A few days after taking the military entrance exam, the recruiter called me up. Congratulations. You did well enough on the ASVAB to be a Nuke if that’s what you want. I had no clue what that meant or what I wanted. I said yes. He told me the next step was enlistment. As soon as next week, I could raise my right hand, swearing an oath to support and defend the Constitution of the United States. He asked me to think about it.

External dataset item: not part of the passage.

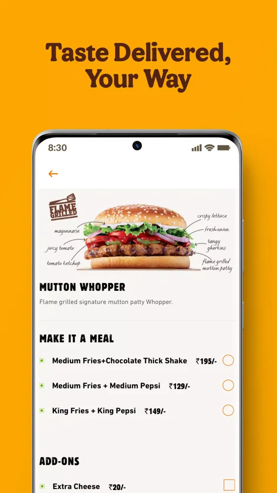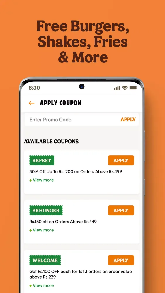 Welcome to the Burger King India app, where you can have it your way with the best offers and zero contact orders. This official application lets you place orders safely and conveniently for dine-in, takeaway, or food delivery.

I thought about it. I didn’t discuss it with anyone else. My future started to crystalize over the next few days. I could leave North Dakota. I could have money for college, and since I didn’t know what I wanted to major in, I’d have time to think about it. I could continue the family military tradition. Dad might be proud of me.
So there I was, calling to give Dad the news, rather than just driving a mile and a half to the house.
Well, Dad, I just wanted to tell you…that I’m enlisting in the Navy next week. Silence. I pressed my ear to the receiver. Had he hung up?
Dad…?
Uh, say that again, Son? To hell are you talking about?
I told him the whole story about first meeting the Marine recruiter and getting rejected. Thinking about it, going back, speaking with the Navy recruiter, and taking the ASVAB. I told him it made sense since I would get good experience and money for college. I didn’t tell him about the pride.
Have you told your mother yet?
No, Dad, I thought you could break the news to her.
Oh yah, he laughed. Thanks a lot! I couldn’t read him. I should have just gone over to the house. Well, Son, I never thought I’d live to see the day where you joined the military, but I always thought if you ever did enlist, God help you if you joined the Marines. Pick the Navy or Air Force. They don’t do a goddamn thing anyway. Safer.
I laughed. Yeah, I guess.
Well, you comin over for supper on Sunday?
Yeah, Dad, I’ll be there.
Ok then.
I hung up the phone, sat on the corner of my futon, and cried.